Mieux connaître les nourriceries côtières pour préserver la biodiversité marine

L’Ifremer organise chaque année dans le golfe de Gascogne la campagne NURSE dont l’objectif est de mieux connaître le fonctionnement et l’état de santé des nourriceries côtières, ces écosystèmes où se développent les jeunes poissons. NURSE16 s'inscrit dans cette série de campagne démarrée au début des années 1980 et participe à l’évaluation du « bon état écologique » réalisée par la Directive-cadre stratégie pour le milieu marin (DCSMM).

La campagne côtière NURSE16 s’est déroulée du 13 au 26 août à bord du Thalia et était consacrée à l’étude de trois nourriceries de poissons plats du golfe de Gascogne : l’embouchure de la Gironde, de la Loire et la baie de Bourgneuf. « Cette année, nos efforts d’échantillonnage étaient particulièrement dirigés vers l’embouchure de la Loire, zone dont nous connaissions très mal les interactions trophiques », précise Anik Brind’Amour, chercheure à l’Unité Ecologie et Modèles pour l’Halieutique et cheffe de la mission NURSE16.

Les estuaires et les côtes : zones de nourricerie

Riches en nutriments et abritées des grands prédateurs, les zones côtières et les estuaires forment des écosystèmes essentiels à la croissance des poissons juvéniles. De nombreuses espèces passent leurs premières années dans ces nourriceries côtières, qui offrent un environnement protecteur idéal, avant de gagner le large quand leur taille le permet.

Soles, plies, rougets, merlans, seiches, tacauds… Les spécimens capturés par les scientifiques de l’Ifremer sont identifiés, mesurés et pesés. Les données obtenues (espèces présentes, abondance, taille…) dans chacun des sites sont autant d’éléments qui contribueront à la compréhension du fonctionnement des écosystèmes côtiers. « Pour des questions de capturabilité des espèces ciblées, les campagnes se tiennent entre fin août et début septembre. À cette période, les juvéniles atteignent une taille capturable avec le chalut à perche utilisé », explique Anik Brind’Amour.

Des écosystèmes fragilisés

Ces habitats déterminants dans la phase de développement des jeunes poissons sont particulièrement exposés aux activités humaines (pollution, pêche…) et sensibles aux changements climatiques. La dégradation des nourriceries côtières modifie le comportement des poissons et met en danger de nombreuses espèces marines. « Notre objectif est notamment de comprendre comment la faune qui peuple les nourriceries s’adapte aux modifications de son environnement », souligne la scientifique.

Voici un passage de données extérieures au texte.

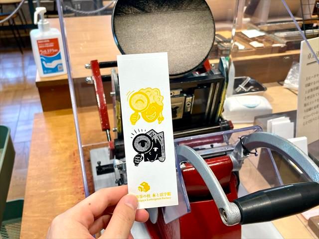 こちらの卓上活版印刷機を使ったしおりへの印刷は、予約不要で体験可能でした。
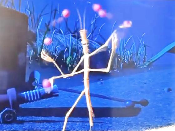 At 1:02:28, a walking stick bug (plasmid)
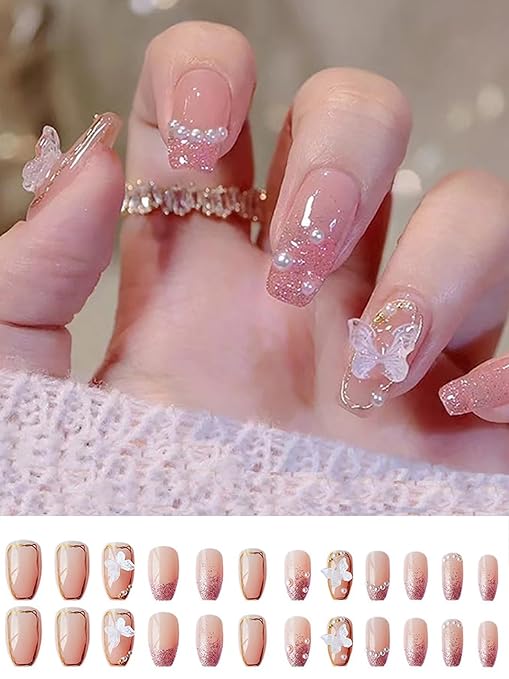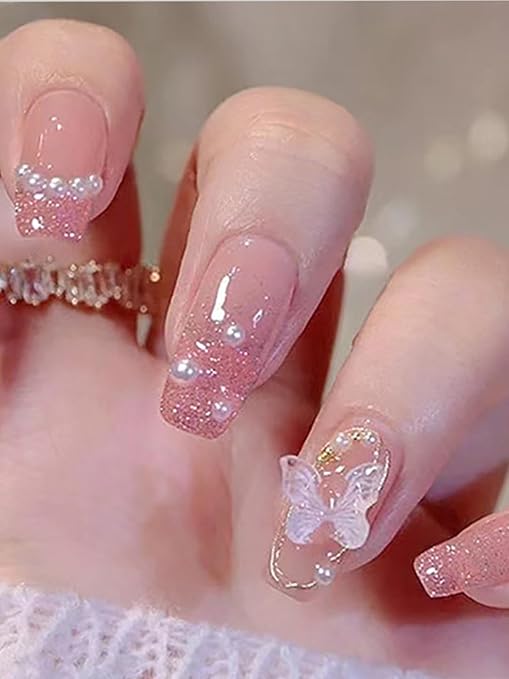 Secret Lives® acrylic translucent press on nails artifical designer 3D white bow & pearl with pink glitter color nails extension 24 pieces combo set with kit beautiful fake false nails
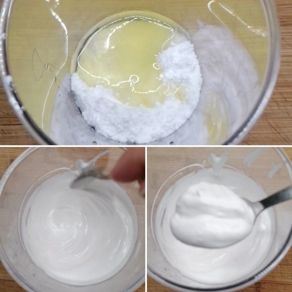 En un recipiente, verter el azúcar glas, las dos claras de huevo y la cucharada de zumo de limón y batir con las varillas eléctricas hasta crear una consistencia firme.
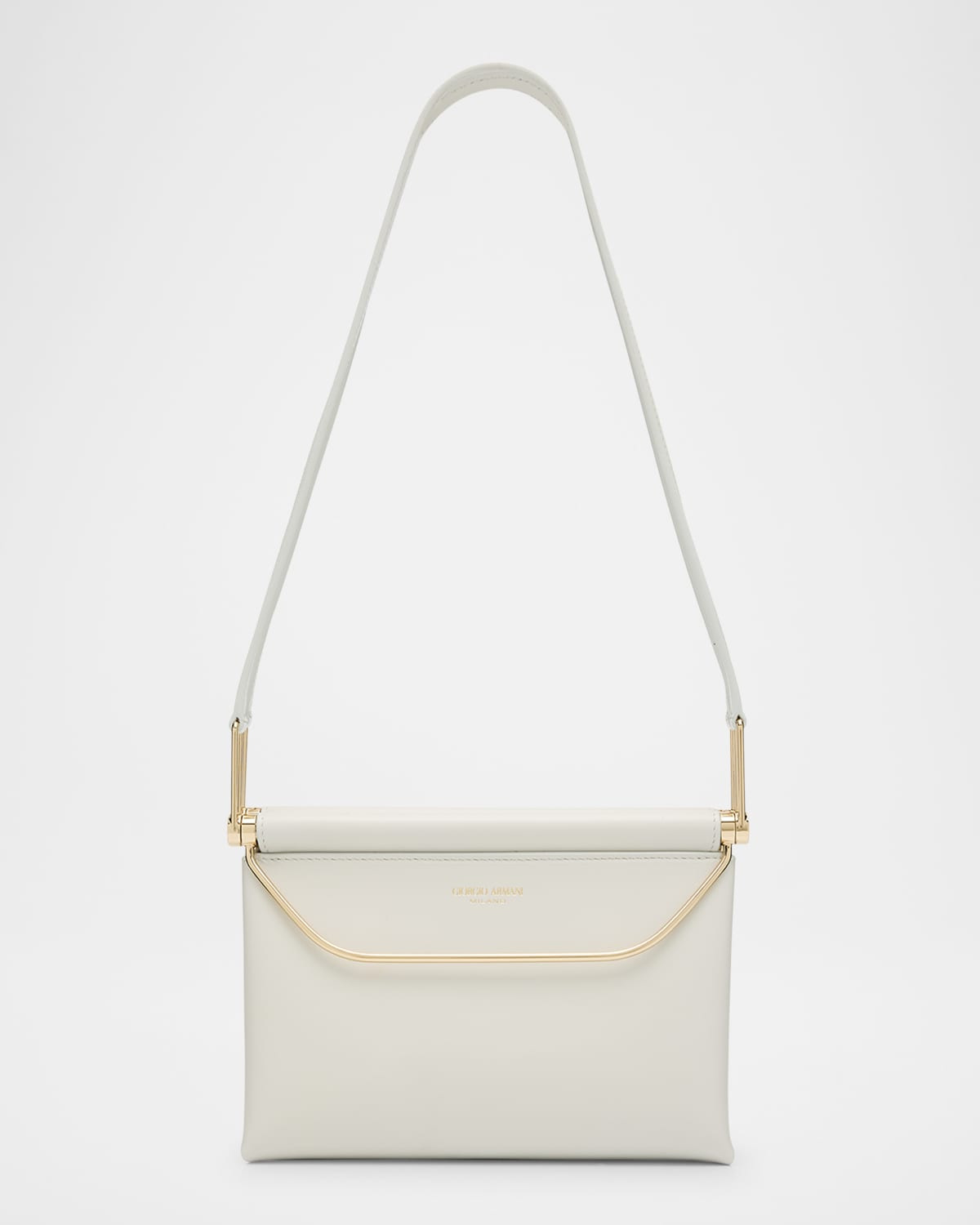 - Giorgio Armani "Avenue" shoulder bag in polished leather - Metal top handles - Shoulder straps - Can be worn as a clutch, top handle, or shoulder bag - Framed top - Interior, one slip pocket - Approx. 5.7"H x 8.3"W x 3.3"D - Made in Italy
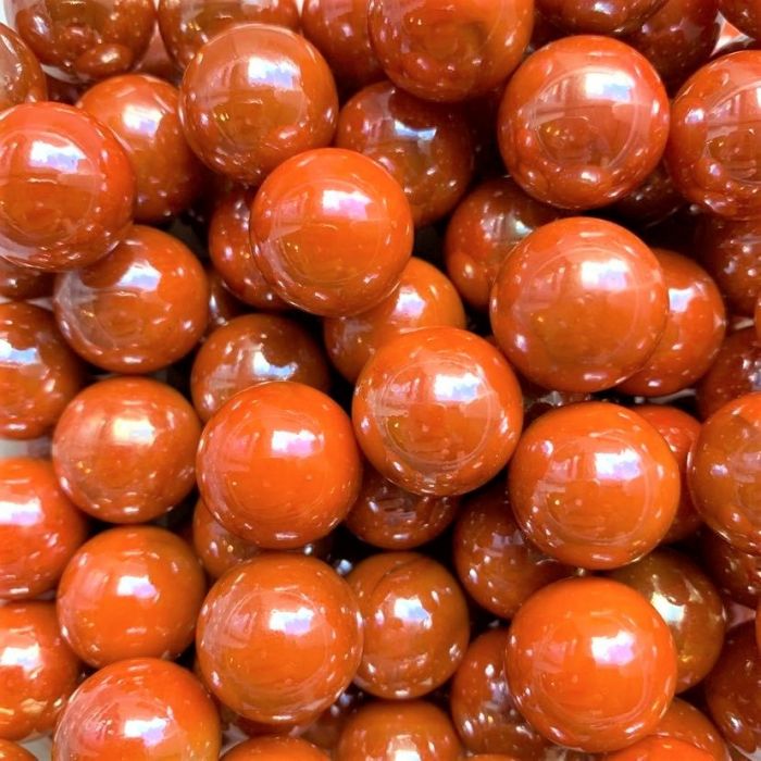 Undurchsichtige, orange Murmel mit Perlmuttglanz-Effekt.
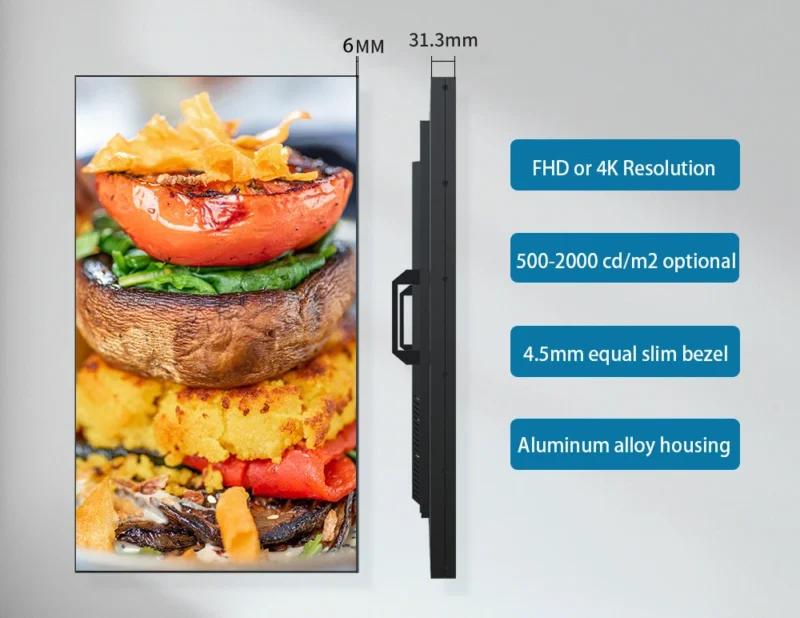 เทคโนโลยีการแสดงผล 4K ที่ล้ำสมัยที่สุด เพื่อให้มั่นใจว่าภาพที่แสดงผลมีความละเอียดสูงและเสมือนจริง สามารถนำเสนอทุกเมนูอาหารได้อย่างสดใสและชัดเจ โดยเลือกใช้แต่วัสดุที่ทนทานและมีคุณภาพสูงเท่านั้น เพื่อให้มั่นใจว่าจอแสดงผลดิจิทัลหน้าร้านของคุณจะรักษาประสิทธิภาพที่ยอดเยี่ยมไว้ได้ตลอดการใช้งานในระยะยาว ช่วยลดต้นทุนในการบำรุงรักษาได้อย่างดีเยี่ยม
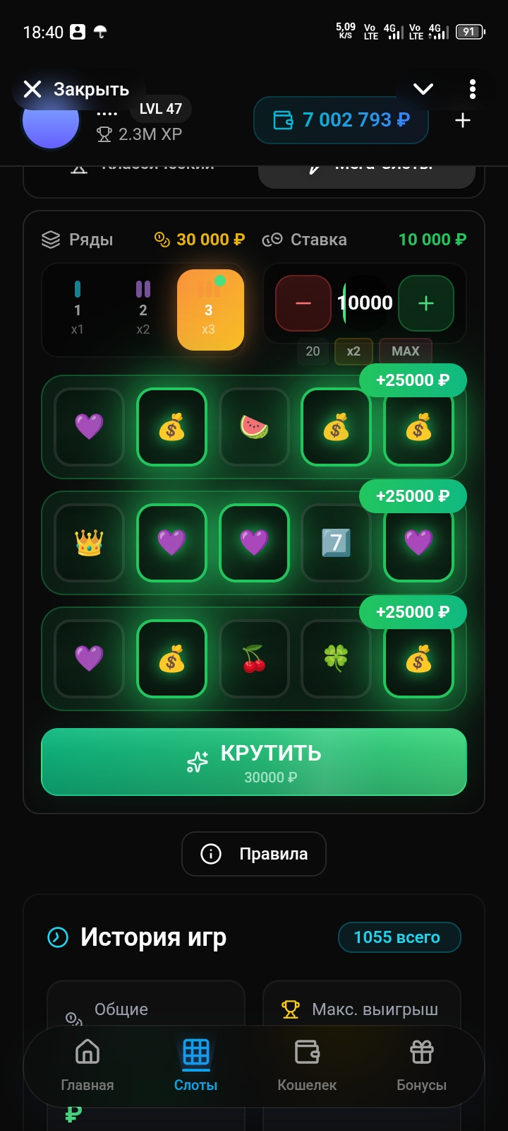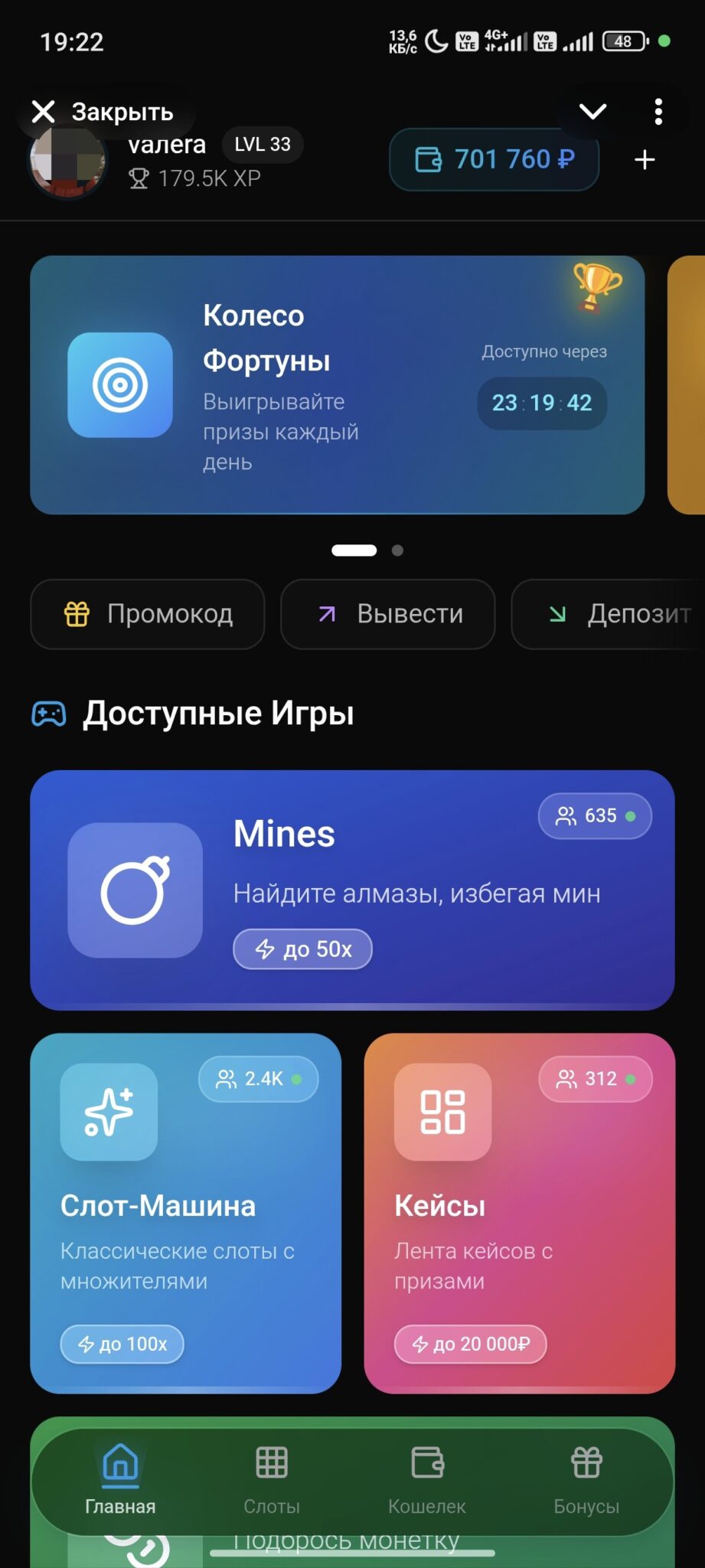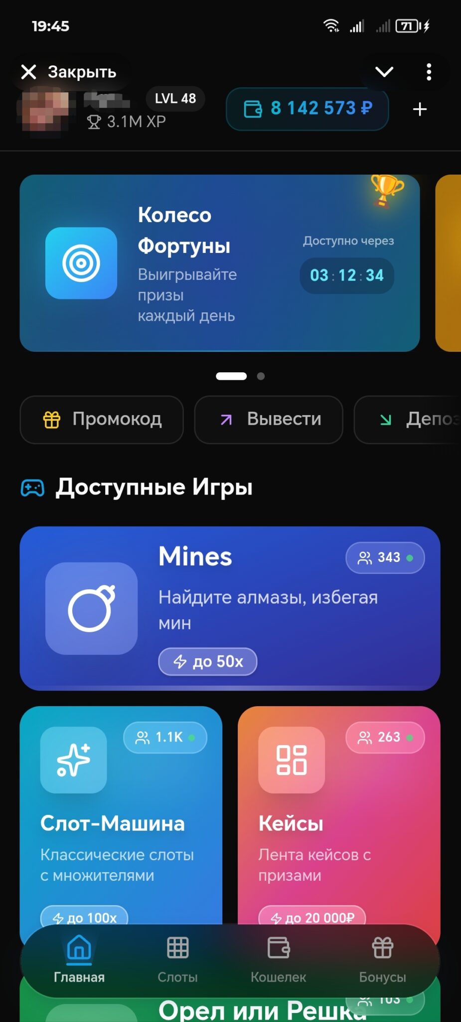 Для игры доступно: «Mines» (поиск алмазов в обход мин), «Слот-Машина» (классические слоты с множителями), «Кейсы» (лента кейсов с призами), «Орел и решка» (угадывание стороны монетки), «Стаканчики» (поиск шарика).
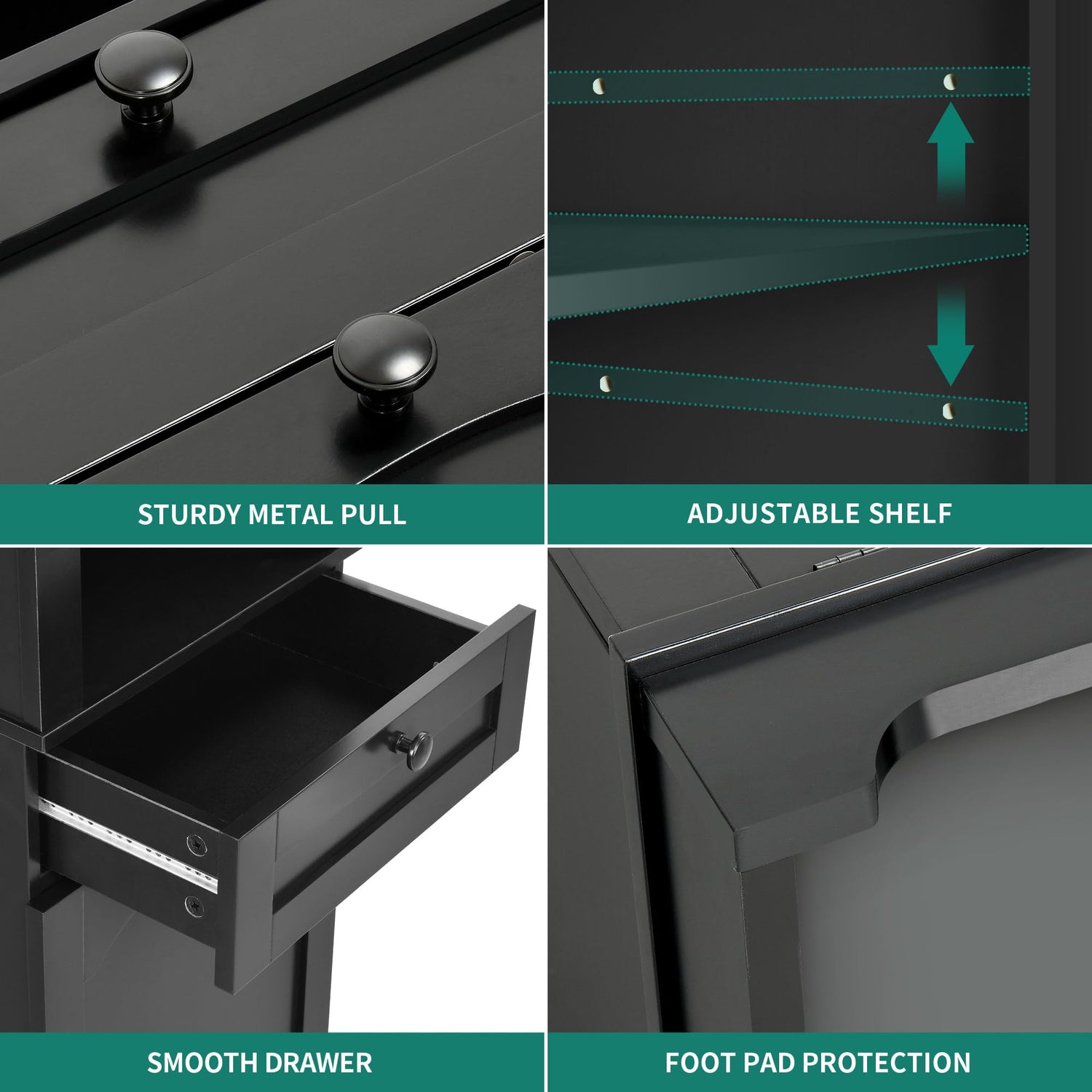 - Born as space-saver: With 2 open storage compartments, 1 drawer, and 1 concealed laundry basket, this laundry storage cabinet allows you to maximize vertical space, making for tight spaces

« Actuellement, nous assistons par exemple à un phénomène de marinisation des estuaires, c'est-à-dire une remontée des eaux marines vers l'amont des fleuves, qui peut s'expliquer par la hausse des prélèvements en eau pour l’irrigation, la modification du lit des cours d’eau ou alors par des phénomènes d'ordre climatique. Les jeunes poissons trouvent au niveau des estuaires des conditions favorables à leur survie et une nourriture abondante, notamment grâce aux nutriments transportés par les fleuves, or cette marinisation entraîne des changements notables sur les espèces des écosystèmes côtiers. Par exemple, nous avons observé en Gironde que ce phénomène favorisait certaines espèces marines comme la sole, au détriment des espèces amphihalines (alternant entre le milieu marin et l’eau douce) comme l'alose », explique Anik Brind’Amour. 

La qualité des habitats côtiers conditionne la taille des stocks

Chaque année, les recrues, jeunes poissons atteignant une taille suffisante pour être exploitable par la pêche, rejoignent le stock. En bon état écologique, les nourriceries côtières contribuent fortement au renouvellement des stocks halieutiques. Les campagnes NURSE peuvent fournir des données importantes pour comprendre les variations du recrutement d’une année sur l’autre.

« En permettant une meilleure connaissance de l’état écologique et du fonctionnement des peuplements côtiers, les campagnes NURSE offrent des informations essentielles pour développer une gestion durable des ressources marines, restaurer les écosystèmes fragilisés mais aussi pour limiter les pertes de biodiversité », conclut Anik Brind’Amour.